Travel camp offers adventures for those with autism
Frontier Travel Camp founder wanted everyone to have chance to see world
Booking a trip and exploring new places is an exciting time for many.
But for people with autism, traveling can bring challenges and few options.
But one camp is changing the lives of people on the spectrum, like Heyden Fenney, and opening their eyes to new adventures.
Fenney has not always had the travel bug. Autism used to keep him stuck at home.
But a program called Frontier Travel Camp gave him his independence.
Scott Fineman created the camp because he loves seeing the world and felt everyone should have the opportunity.
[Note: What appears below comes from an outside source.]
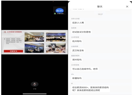 仲景宛西制药股份有限公司人力资源总监王婉荔做客直播间,对企业发展前景、岗位条件、薪酬待遇、职务晋升等进行详细介绍。同学们与用人单位线上对接,就相关问题进行咨询,并踊跃投递简历。此次“直播带岗”提供精准就业岗位30余个,包括医药代表、医药销售、学术推广等多个重点岗位,万象城190余名同学在线参与。
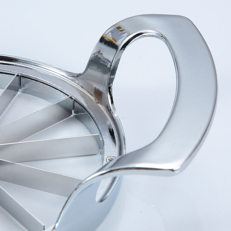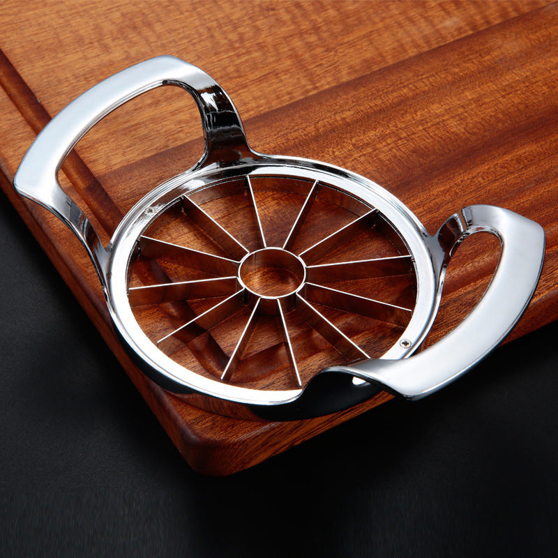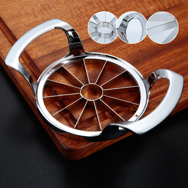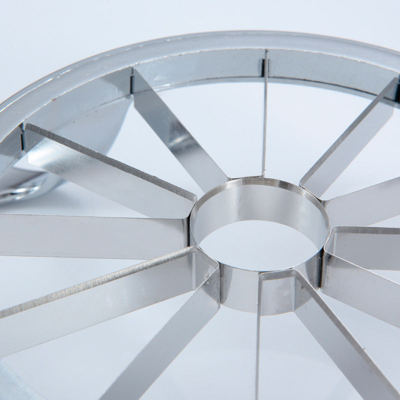 Äppelskivare i rostfritt stål skär äpplen i 12 klyftor. Robust, effektiv och lätt att rengöra, ideal för frukt.

It's a travel program for late teens and adults on the autism spectrum.
“We’ve been to probably 30 countries between Europe and North America,” Fineman said.
The camp, which has been operating for 21 years, takes travelers from age 16 to adults in their 40s and 50s. The average cost per week of the trips is $3,000.
Fenney said he helps pay for his trips by selling artwork.
“We have a group between 25 and 30 people; our staff ratio is 5 to 1,” Fineman said.
Nurses, social workers and speech pathologists are among the professional staff who keep encouraging their “campers” to take on new adventures.
“National parks, hiking through Yosemite, Yellowstone, really getting them to be active,” Fineman said.
Fenney, 26, recalled a trip to Hawaii.
His mom, Joanna Fenney, said he wasn't always adventurous.
“Terrified of rain, terrified of big trees, buildings,” she said.
But Heyden Fenney's first trip at 18 changed everything, his mom said.
“I cried when he left, and he cried when he came home,” Joanna Fenney said.
Heyden Fenney said the best thing about traveling is the new friends he makes.
“So I could eat with them and have a chat with them. It makes me happy,” he said.
His next port of call? A Caribbean cruise in January.